WHAT YOU SHOULD DO: Output the lines of the records below exactly, beginning at their first line and ending at the line with "The award-winning Valley"; include no pictures.

Data entries:
::::::
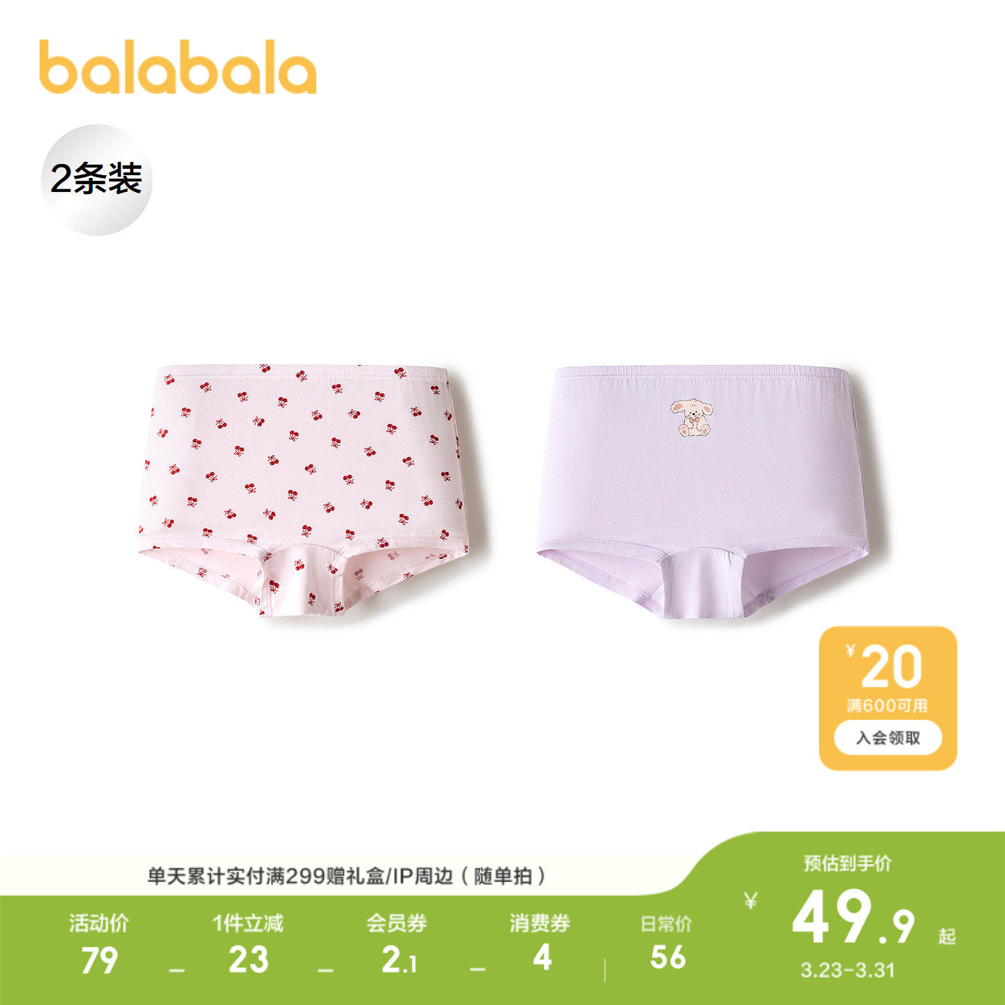 【商场同款】巴拉巴拉女童内裤棉儿童四角短裤抗菌裆不夹PP两条装
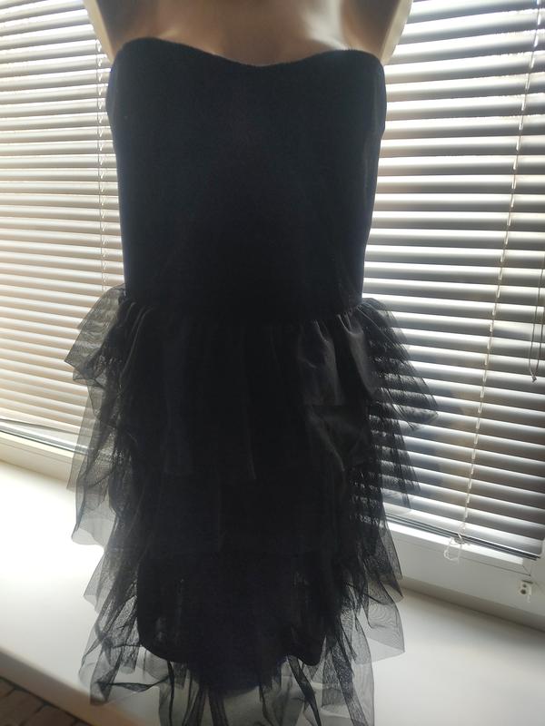 Сукня у відмінному стані,верх з оксамиту,низ волани з фатину,є петлі для бретелей,довжина 72см ,побх 43см,пот31см,спідниця на підкладці.
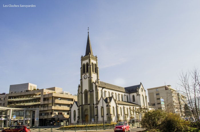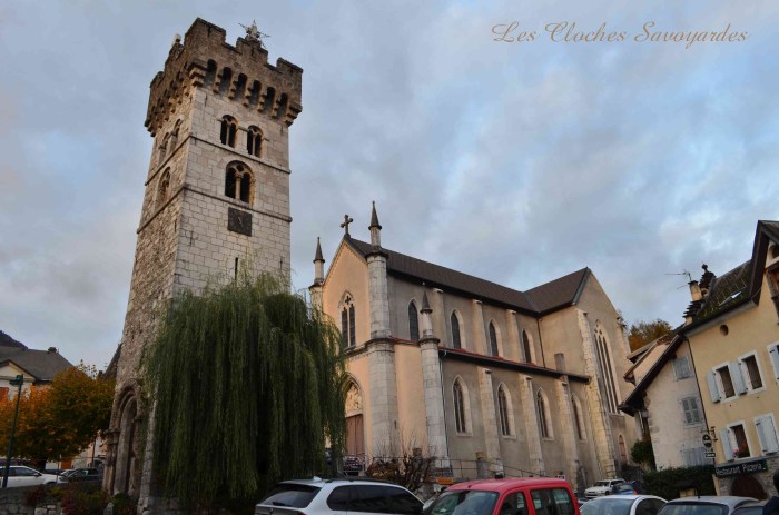 Cl.1 : Frères Paccard, 1843 – 135,5 cm, 1’500 kilos – Ré 3 -5 Cl.2 « St Georges » : G&F Paccard, 1889 – 107,4 cm , 700 kilos – Fa Dièse 3 +1 Cl.3 « St François de Sales » : G&F Paccard, 1889 – 90 cm, 420 kilos – La 3 ±0 Cl.4 « Ste Anne » : G&F Paccard, 1889 – 67 cm, 180 kilos – Ré 4 +5
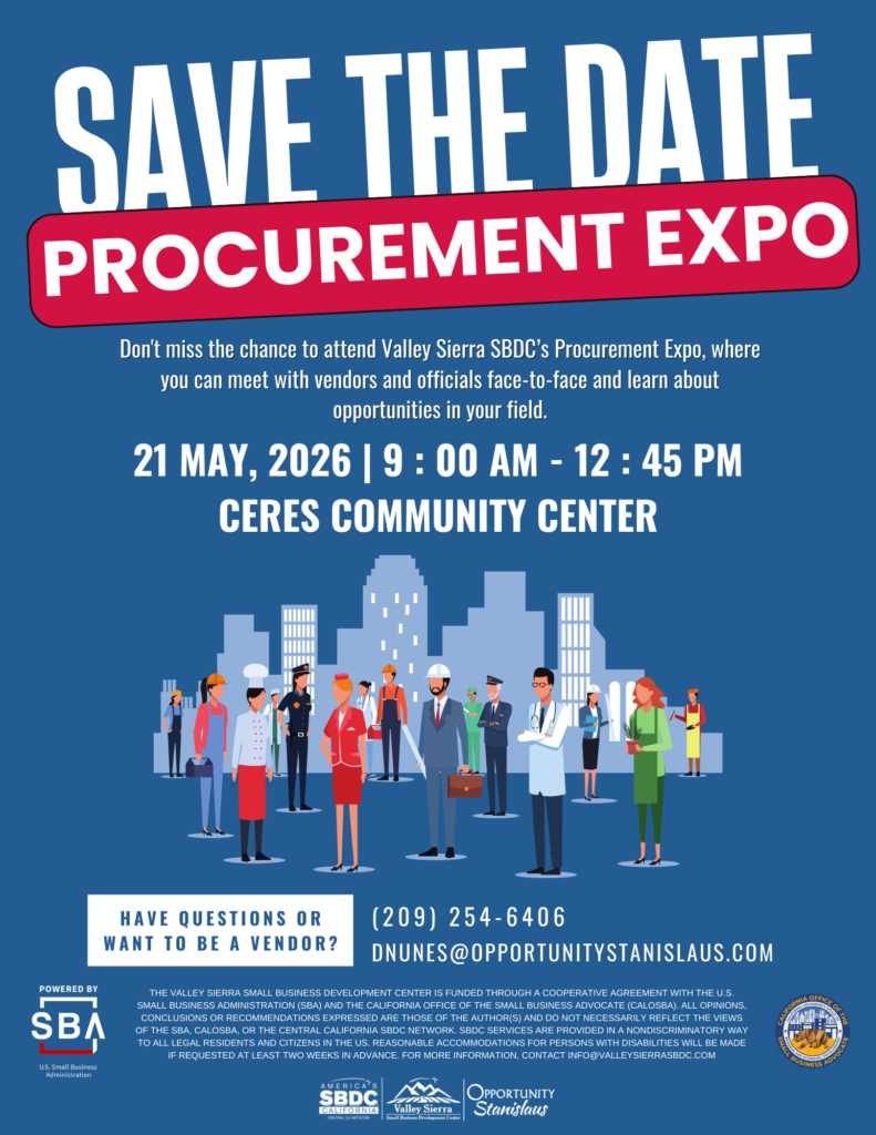 The award-winning Valley Sierra Small Business Development Center (SBDC) promotes the development, growth and success of small businesses and aspiring entrepreneurs throughout Stanislaus and Tuolumne Counties, thereby enhancing individual, family, community and regional prosperity.
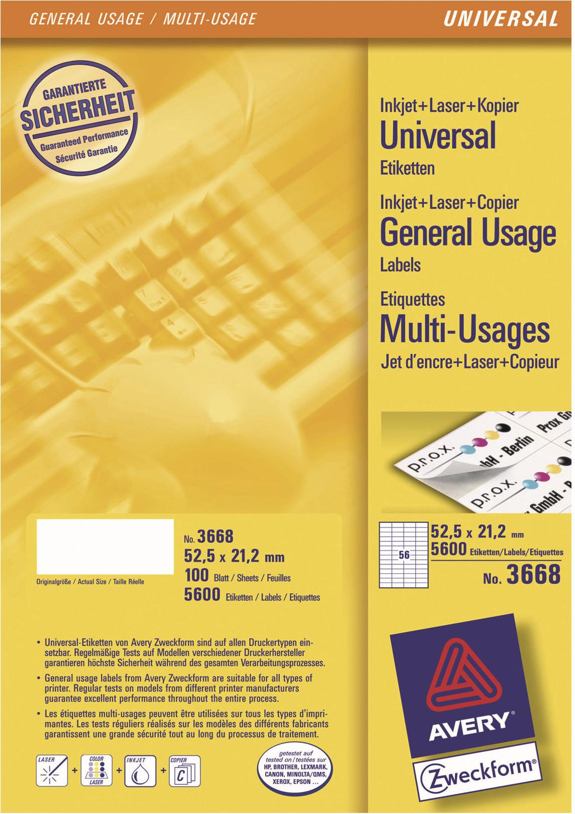 Die Universal-Etiketten von Avery Zweckform sind für alle gängigen Drucker und Kopierer geeignet und garantieren einen staufreien Druckerdurchlauf. Druckerdurchlauf für Laserdrucker getestet und bestätigt durch TÜV. Diese Aufkleber bieten Ihnen für jeden Bedarf und Anwendungsbereich die passende Lösung. Mit den Universal-Etiketten im Format 52,5 x 21,2 mm können Sie z.B. Anmerkungen in Entwürfen vornehmen. Dank der kostenlosen Avery Zweckform Vorlagen und Software-Lösungen können Sie die Universal-Etiketten schnell und einfach gestalten und drucken!
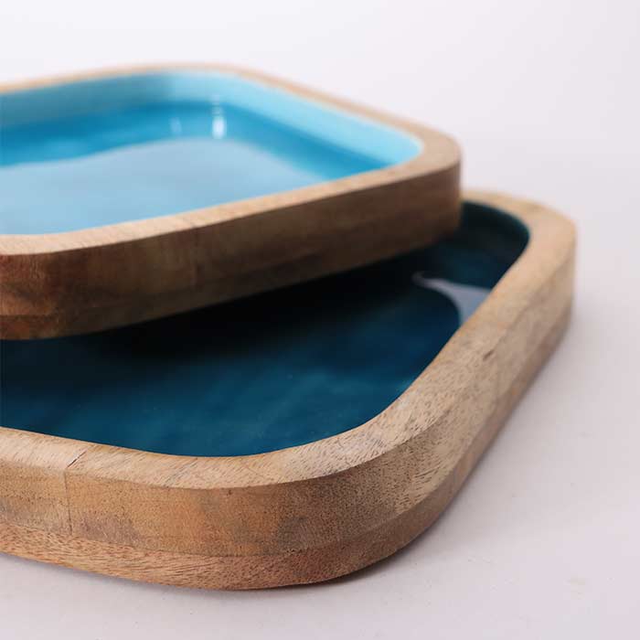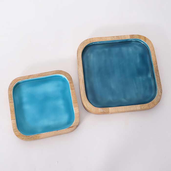 Set of two square plates made of mango wood, natural finish, with enamel decoration in two shades of blue.
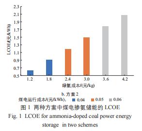 考慮煤電運行成本的影響( 煤電運行成本隨綠氨成本下降而下降),計算得到兩種方案中不同綠氨成本對應(yīng)的煤電摻氨儲能的LCOE,具體如圖1 所示。
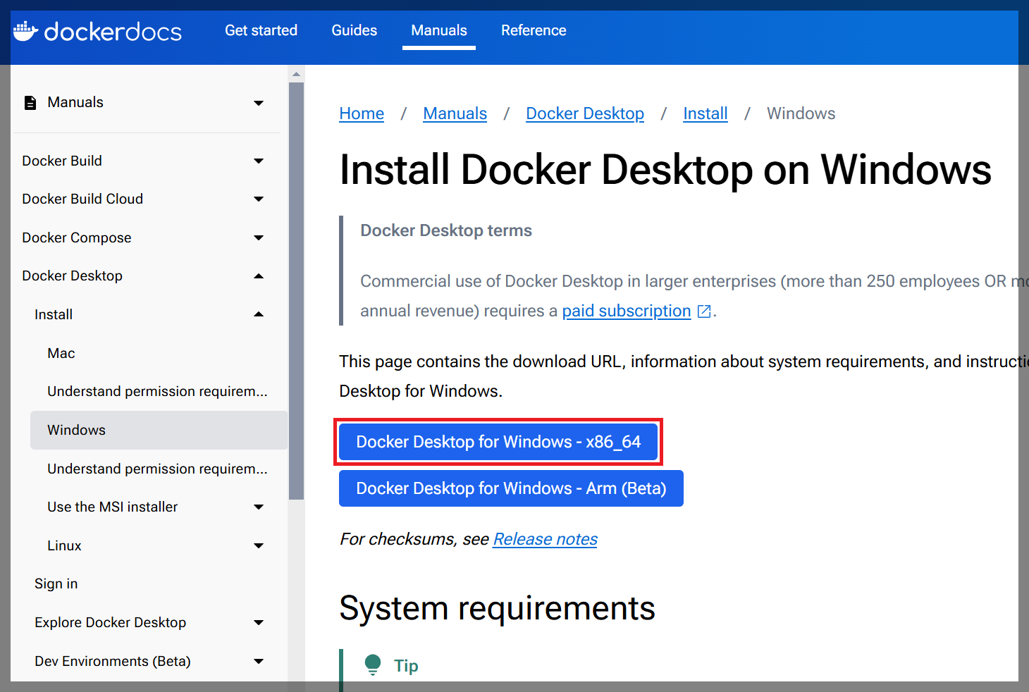 Beta 버전이 있긴하지만 안정성 있게 [Docker Desktop for Windows - x86_64]를 다운로드 받겠습니다.
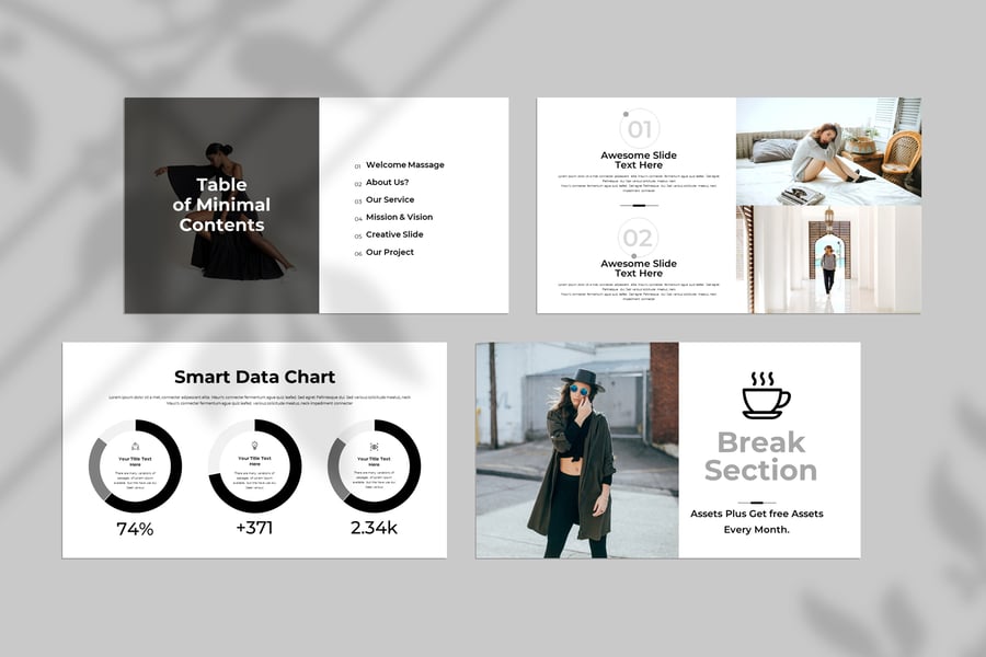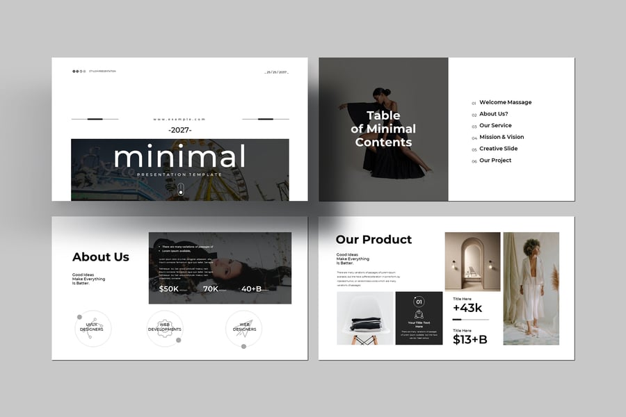 创意极简模板风格时尚,适应性强,可帮助您轻松打造鲜明的印象,而无需杂乱无章的设计。
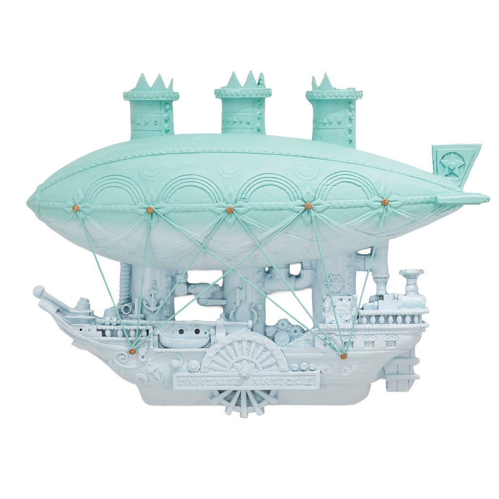 Details: Abstract wall sculpture of a wooden guitar with white and yellow checkered background, three spheres, and white and blue circular ornamentation Dimensions: 48" H x 12"...
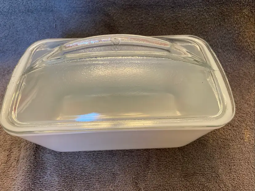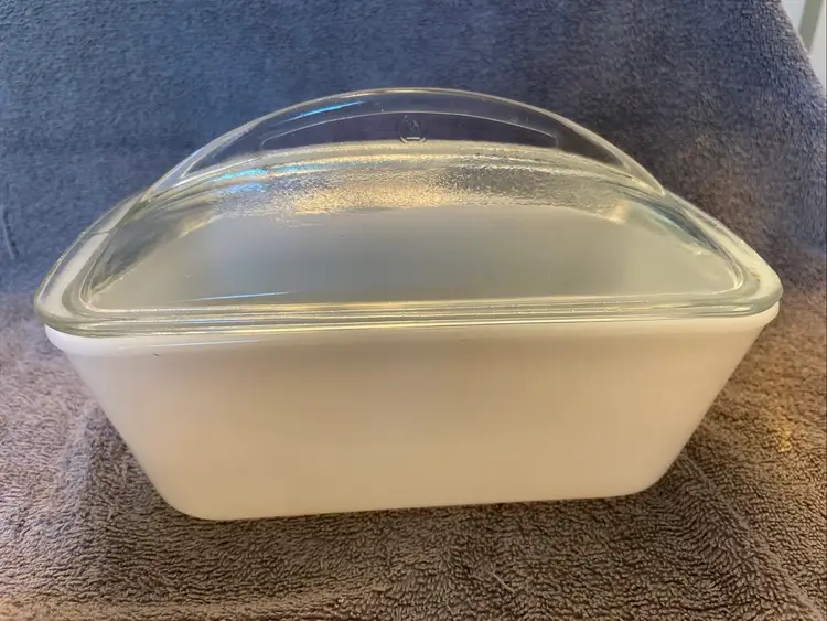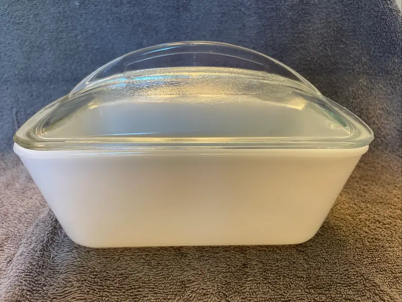 Vintage Westinghouse Milk Glass Loaf Pan Baking Dish with Clear Lid
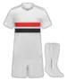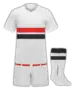 O conjunto foi confeccionado na loja Esportes Moura, pelo conselheiro Mourinha. Inicialmente, o calção tinha detalhes em vermelho enquanto os meiões eram pretos com faixas brancas. Posteriormente, esses detalhes foram excluídos e o conjunto passou a ser totalmente branco.[1] Em 1983, o uniforme passou a ter a faixa branca mais estreita deixando, dessa maneira, as faixas vermelha e preta mais próximas. A proporção da distância entre as faixas continua a mesma até os dias atuais.[2]
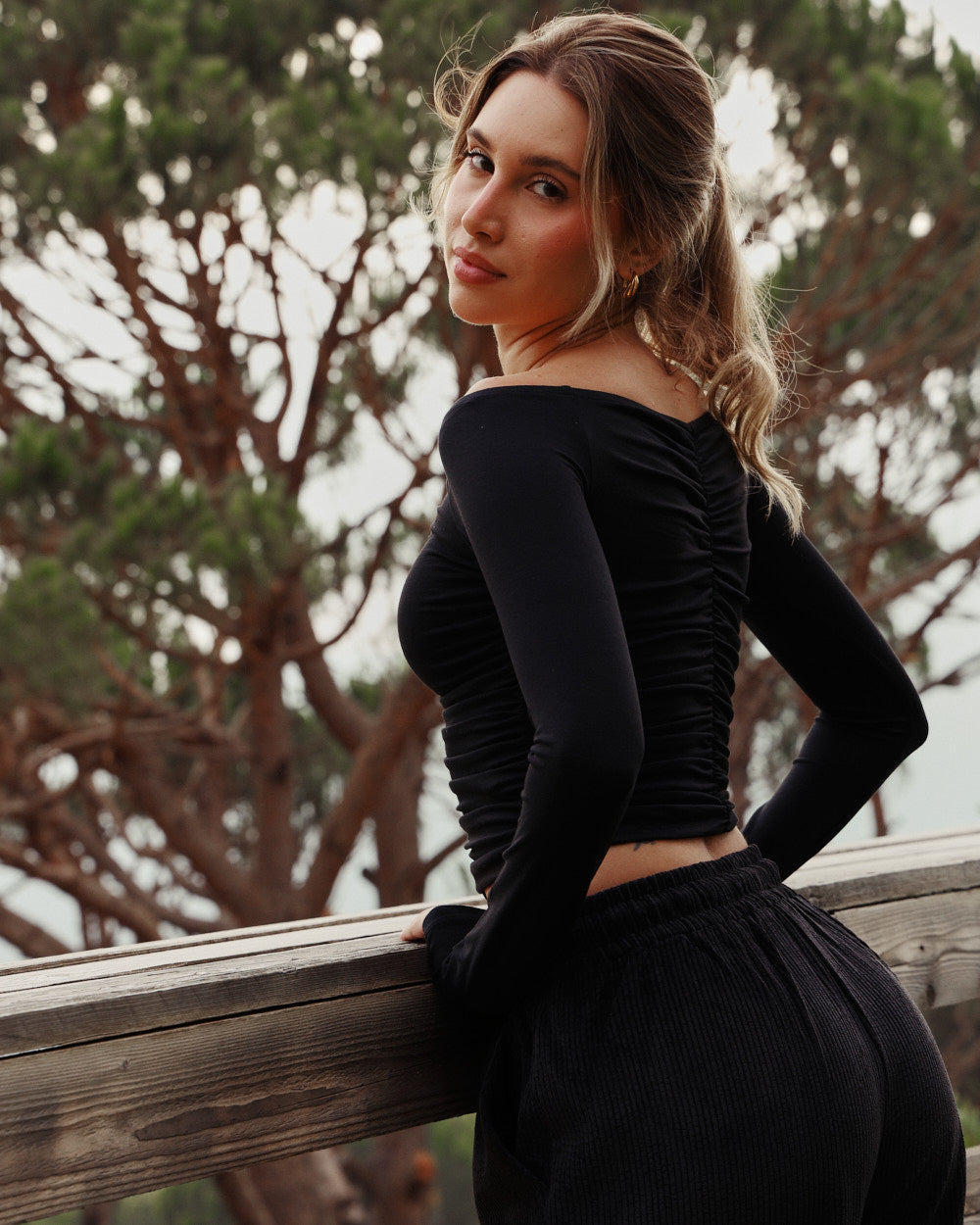 The Just A Little Off Top is that perfectly undone piece that says effortless but knows exactly what it’s doing. With its off-shoulder neckline and ruched silhouette, it hugs your curves while leaving just the right amount to the imagination. Made from buttery soft stretch fabric, it’s the kind of top that feels as good as it looks : flirty, sleek, and impossible to ignore.
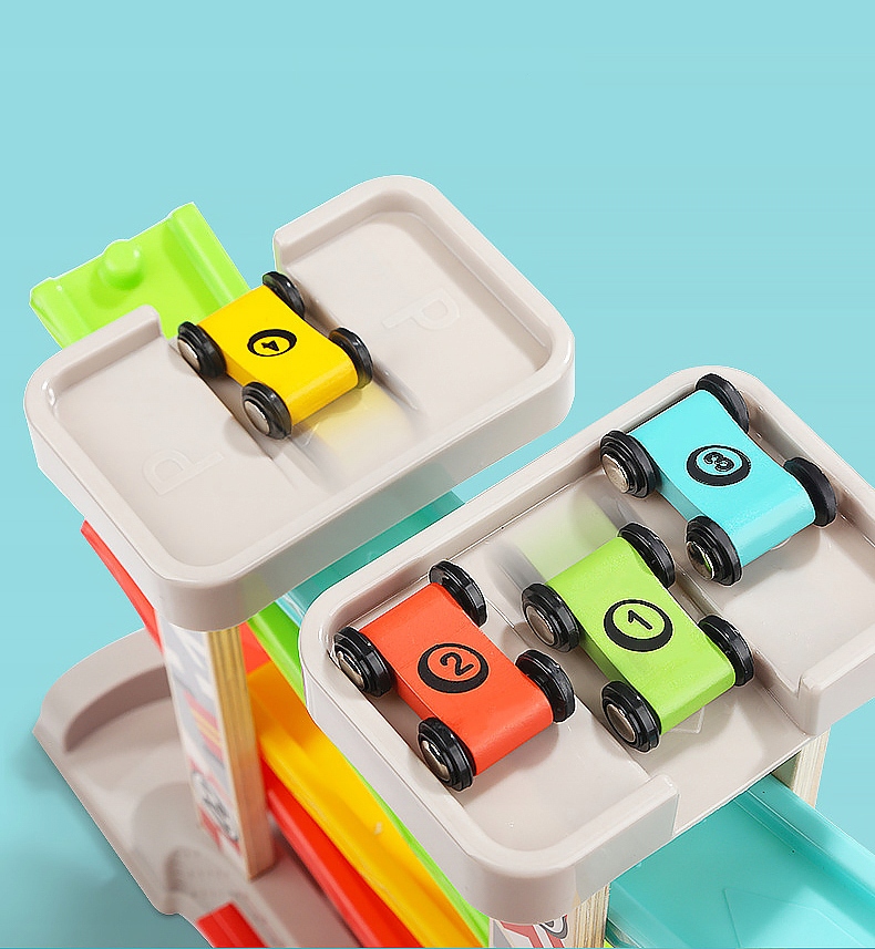 Дорожка готова к использованию прямо из коробки,не требует никакого питания. Поставьте машину на самую высокую платформу, отпустите и посмотрите, как быстро она опустится! Все проходит очень гладко, справится даже самый младший!
::::::
RESULT OF THE TASK:
 【商场同款】巴拉巴拉女童内裤棉儿童四角短裤抗菌裆不夹PP两条装
 Сукня у відмінному стані,верх з оксамиту,низ волани з фатину,є петлі для бретелей,довжина 72см ,побх 43см,пот31см,спідниця на підкладці.
 Cl.1 : Frères Paccard, 1843 – 135,5 cm, 1’500 kilos – Ré 3 -5 Cl.2 « St Georges » : G&F Paccard, 1889 – 107,4 cm , 700 kilos – Fa Dièse 3 +1 Cl.3 « St François de Sales » : G&F Paccard, 1889 – 90 cm, 420 kilos – La 3 ±0 Cl.4 « Ste Anne » : G&F Paccard, 1889 – 67 cm, 180 kilos – Ré 4 +5
 The award-winning Valley Sierra Small Business Development Center (SBDC) promotes the development, growth and success of small businesses and aspiring entrepreneurs throughout Stanislaus and Tuolumne Counties, thereby enhancing individual, family, community and regional prosperity.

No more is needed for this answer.